La journée a été maussade et le soir tombe vite en cette période la plus sombre de l’année. Il fait déjà nuit profonde vers 19h. Un crachin rend glissant les trottoirs du boulevard de la Petite Ceinture à Bruxelles. Les derniers navetteurs s’engouffrent rapidement dans l’entrée principale de la station de métro Botanique où les voyageurs se font plus rares. Quelques sans-abri sont assis. Ils ont l’air d’attendre quelque chose. Certains, plus enhardis ou plus habitués, s’approchent du couloir qui mène à l’autre entrée de la station, côté Tour des Finances, au-delà du boulevard. Là, des hommes et femmes vêtus du gilet vert fluo Opération Thermos s’affairent, dressent des tables, établissent des lignes d’attente. Un panneau prévient : « Cet accès est fermé tous les jours de 19h30 à 22h du 01/11 au 30/04 pour permettre la distribution de repas à emporter aux plus démunis. » C’est le signal. En quelques instants, des dizaines de personnes s’installent dans la file. Tout est calme et bien organisé. Il y a des retrouvailles entre les bénévoles de l’association et certains bénéficiaires des repas qu’ils vont distribuer. Des sourires s’échangent. 

UNE CERTAINE EXPERTISE

« C’est vrai qu’on a une certaine expertise en la matière, ce qui permet d’ailleurs d’accueillir au mieux les personnes à qui nous nous adressons », reconnaît l’une des responsables, Céline Vivier. Tout en parlant, elle salue l’un ou l’autre au passage, est interrompue par une demande particulière, attentive au moindre besoin, à l’instar de tous les bénévoles présents ce soir-là. « À l’origine, poursuit-elle, c’est une troupe scoute qui a mis sur pied ce genre d’opérations. Dans le cadre d’une de leurs activités, un soir, en passant par la Gare Centrale, les scouts ont aperçu de nombreux sans-abri qui avaient froid et avaient l’air de ne pas être bien. Ils ont alors eu l’idée de leur apporter du café dans des thermos, d’où le nom de l’association. Ils leur ont aussi fourni des sandwichs. Constatant le bien-fondé de leur démarche et le bon accueil reçu de la part d’un nombre important de personnes concernées, ils sont revenus à plusieurs reprises. Il faut rappeler que c’était l’époque où les Restos du cœur se créaient un peu partout, faisant prendre conscience de la grande précarité des gens de la rue. »
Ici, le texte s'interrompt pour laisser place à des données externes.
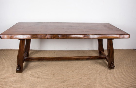 Stunning Scandinavian-style dining table. Entirely handmade, like a farmhouse table, this elegantly rustic table comfortably seats eight. A large central stretcher and side stretchers held by tenons provide excellent stability. Clean design, beautifully crafted.

Pour pouvoir tenir sur la longueur – la saison hivernale s’étale sur plusieurs mois et ce n’est pas rien d’offrir deux cents repas chauds par soir -, l’association a dû s’organiser. D’autant plus, qu’outre à peine l’équivalent d’un temps plein et demi, elle n’est composée que de quelques bénévoles enthousiastes. Penser à évoluer a donc été vite indispensable. « On a alors demandé à des équipes différentes de prendre en charge toute la soirée, en pratique et financièrement. À elles de décider du menu qui doit consister en un plat chaud, de la soupe, un dessert, une bouteille d’eau et, au choix, café ou chocolat chaud. Elles font les courses pour le menu arrêté, qu’elles préparent ensuite. Il leur est demandé d’arriver ici à 20h avec le nombre de repas prévus. Nous leur fournissons les jetables puisque, depuis l’épidémie de covid, il a fallu prendre des dispositions d’emballages et de présentation. On est resté dans cette formule-là, plus rapide et plus pratique. D’autant plus que de nombreux bénéficiaires préfèrent retrouver au plus vite leur lieu de vie pour davantage de sécurité. »

DES PATES PARMIGIANA

Brouhaha dans l’escalier. Il est 20h. Les repas arrivent dans de grandes boîtes qui les maintiennent au chaud. Ils ont été préparés dans la cuisine de l’association à Molenbeek. L’équipe du jour est celle de la Fondation d’une importante agence de paris sportifs. Ils sont une douzaine à s’activer pour sortir et ranger les sacs en papier qui contiennent la nourriture. Au menu ce soir : pâtes parmigiana. Il faut aussi remplir les bols de soupe – carotte, coco, curry et coriandre – et servir les cafés. Tout est prêt en un tour de main. Les premiers bénéficiaires peuvent s’avancer. C’est un couple avec un enfant dans une poussette. On voit également beaucoup d’hommes aux âges incertains. Les femmes sont moins visibles.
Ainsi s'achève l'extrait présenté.